| Problem to work on |
Please output exactly the part of the records below that opens with the line containing "Low Degradation &" and closes with the line containing "중간값에 직선 표시(default:False)", both lines included, and nothing else.

Entries taken from a collection:

====================

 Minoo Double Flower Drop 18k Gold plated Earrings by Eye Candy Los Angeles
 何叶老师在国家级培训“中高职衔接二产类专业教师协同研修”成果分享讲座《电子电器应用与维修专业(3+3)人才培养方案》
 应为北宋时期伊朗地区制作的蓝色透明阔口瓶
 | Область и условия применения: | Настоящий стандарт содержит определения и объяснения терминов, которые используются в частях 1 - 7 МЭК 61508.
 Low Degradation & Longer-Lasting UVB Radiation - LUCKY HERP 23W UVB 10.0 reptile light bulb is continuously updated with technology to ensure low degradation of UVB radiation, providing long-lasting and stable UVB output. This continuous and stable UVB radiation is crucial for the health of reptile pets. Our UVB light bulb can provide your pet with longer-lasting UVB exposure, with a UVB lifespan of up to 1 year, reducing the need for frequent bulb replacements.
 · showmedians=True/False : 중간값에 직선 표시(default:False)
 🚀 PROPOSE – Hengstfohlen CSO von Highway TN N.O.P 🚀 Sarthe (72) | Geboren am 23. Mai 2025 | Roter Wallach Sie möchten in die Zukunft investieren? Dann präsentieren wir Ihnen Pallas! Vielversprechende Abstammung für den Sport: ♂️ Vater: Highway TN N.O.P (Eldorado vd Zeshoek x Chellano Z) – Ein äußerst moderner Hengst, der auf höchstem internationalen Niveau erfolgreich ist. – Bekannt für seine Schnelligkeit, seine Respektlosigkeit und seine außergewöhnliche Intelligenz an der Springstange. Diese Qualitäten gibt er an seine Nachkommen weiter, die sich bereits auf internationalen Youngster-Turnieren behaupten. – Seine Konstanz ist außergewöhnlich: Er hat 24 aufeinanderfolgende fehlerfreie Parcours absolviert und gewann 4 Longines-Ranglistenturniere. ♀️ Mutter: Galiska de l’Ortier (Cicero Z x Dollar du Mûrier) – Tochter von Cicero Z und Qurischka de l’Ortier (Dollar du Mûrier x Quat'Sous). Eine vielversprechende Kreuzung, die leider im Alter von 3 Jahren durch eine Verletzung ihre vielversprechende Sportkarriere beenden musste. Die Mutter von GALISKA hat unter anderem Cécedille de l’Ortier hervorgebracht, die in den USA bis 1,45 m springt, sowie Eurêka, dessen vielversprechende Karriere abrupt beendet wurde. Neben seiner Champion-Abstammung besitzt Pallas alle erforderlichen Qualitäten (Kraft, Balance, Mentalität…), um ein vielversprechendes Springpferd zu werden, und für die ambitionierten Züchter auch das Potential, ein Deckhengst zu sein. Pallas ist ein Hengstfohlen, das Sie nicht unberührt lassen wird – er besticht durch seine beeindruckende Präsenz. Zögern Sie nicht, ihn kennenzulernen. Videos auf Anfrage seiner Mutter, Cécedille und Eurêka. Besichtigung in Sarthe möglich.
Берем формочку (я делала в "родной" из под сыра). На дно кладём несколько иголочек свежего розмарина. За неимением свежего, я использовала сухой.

====================

| Solution to this exercise |
 Low Degradation & Longer-Lasting UVB Radiation - LUCKY HERP 23W UVB 10.0 reptile light bulb is continuously updated with technology to ensure low degradation of UVB radiation, providing long-lasting and stable UVB output. This continuous and stable UVB radiation is crucial for the health of reptile pets. Our UVB light bulb can provide your pet with longer-lasting UVB exposure, with a UVB lifespan of up to 1 year, reducing the need for frequent bulb replacements.
 · showmedians=True/False : 중간값에 직선 표시(default:False)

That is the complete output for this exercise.